Is the data in your tables stored in natural correlation with those *three*
columns?  I'm dubious that can even happen.

BRIN is best for *range queries* on tables who's data is added in the same
order as the key in the BRIN index (for example, a BRIN index on a timestamp
field in a log table where new records are always being appended in
"timestamp" order).

It would also be great for history tables where you can pre-sort the data
by, for example, customer_id, and then put the BRIN on customer_id.

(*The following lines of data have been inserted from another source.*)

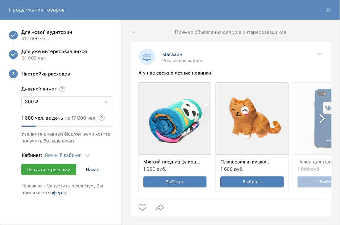 Вы не создаете рекламные креативы и не выбираете цели в настройках своего рекламного аккаунта. Интеллектуальный алгоритм ВКонтакте подбирает нужные товары и показывает их заинтересованным людям и тем, кто уже просматривал каталог, но остался без покупки.
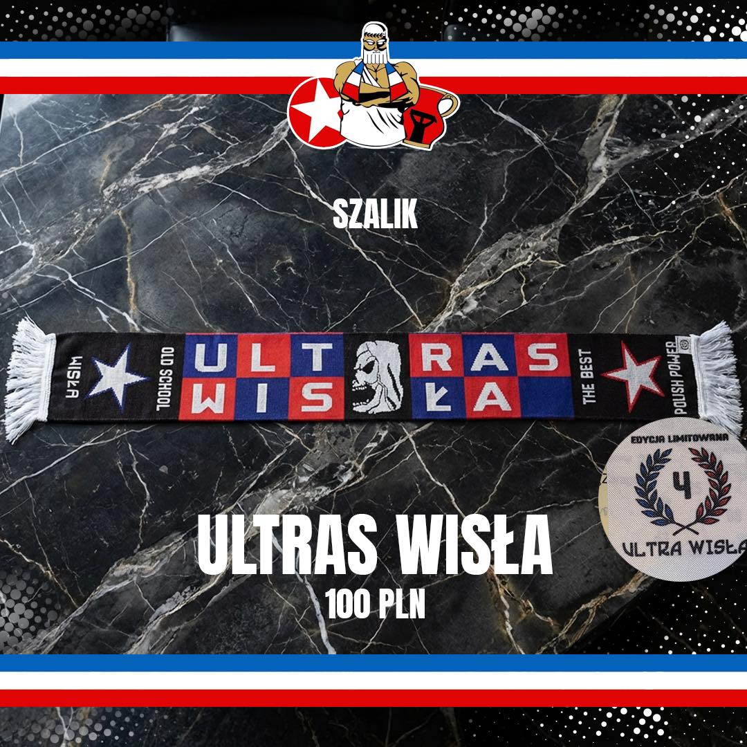 - Szalik na wzór retro flagi ULTRAS WISŁA – powstało go tylko 50 sztuk. Jest metkowany, dzięki czemu każda sztuka zyskuje potwierdzenie limitowanego nakładu. Cena: 100 zł. Do sprzedaży trafią numery 4-50, a numery 1-3 będą licytowane u nas na profilu.
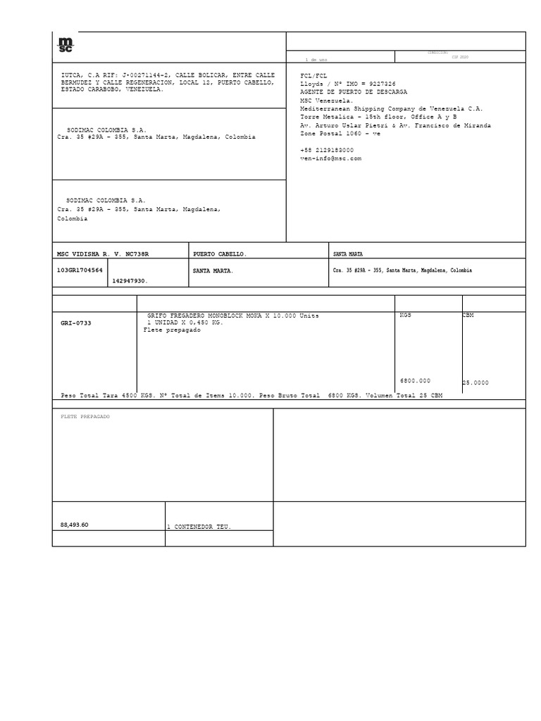Sitio web: www.msc.com Código SCAC: MSCU Nº y SECUENCIA DE B/L ORIGINAL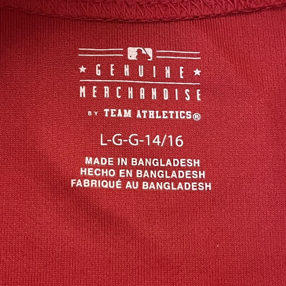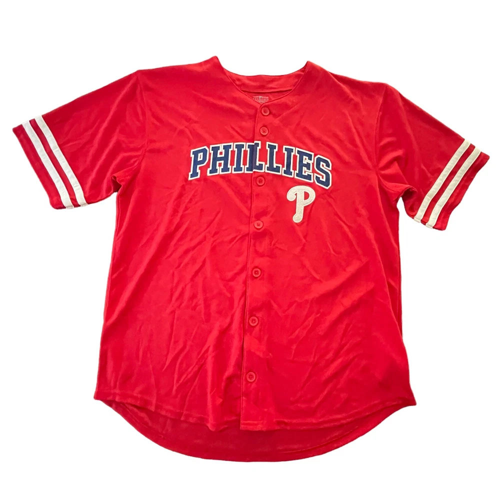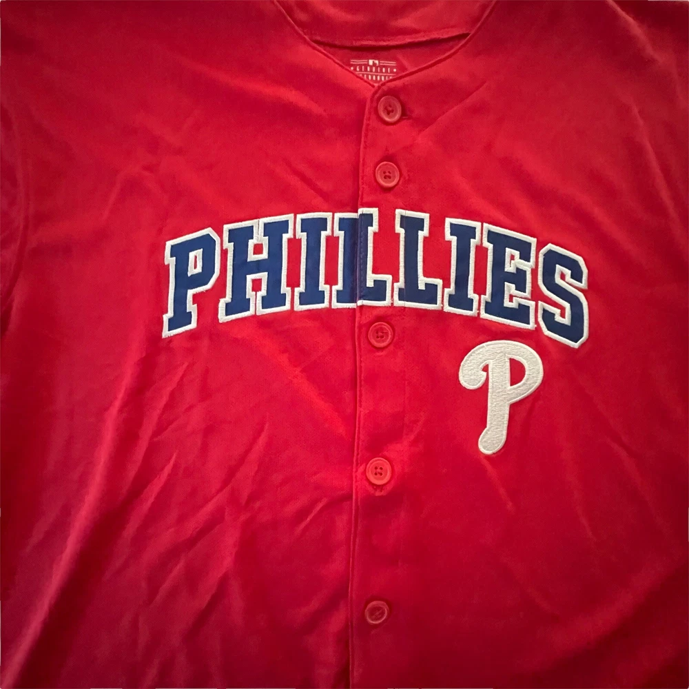 UPC: Does not apply Team: Philadelphia Phillies Seller Notes: “Excellent condition. No tears or stains. Worn once - like new.” Size: YL 14/16 Material: 100% Polyester exclusive of decoration Gender: Unisex Children Brand: Genuine Merchandise by Team Athletics Country/Region of Manufacture: Bangladesh Pre & Post Season: Regular Season Product: Jersey gtin13: Does not apply Color: Red

On 2/8/23 13:58, Siddharth Jain wrote:

our insertion order is of course != index order otherwise the question
would have been trivial.
we use postgres 14

On Wed, Feb 8, 2023 at 11:51 AM Siddharth Jain <siddhsql@gmail.com> wrote:

Hello,

We have large tables with billions of rows in them and want to take
advantage of the BRIN index on them.

Issues we are facing:

* as I understand, BRIN index is useful only if the data is stored
in index order. As an example we want to create a composite BRIN
index on 3 columns - integers and strings (varchar). How can we
tell Postgres to store data in index order as new records are
inserted into the database?
* i understand that turning on autosummarize will keep the index
fresh and up-to-date as new records are inserted. is this correct?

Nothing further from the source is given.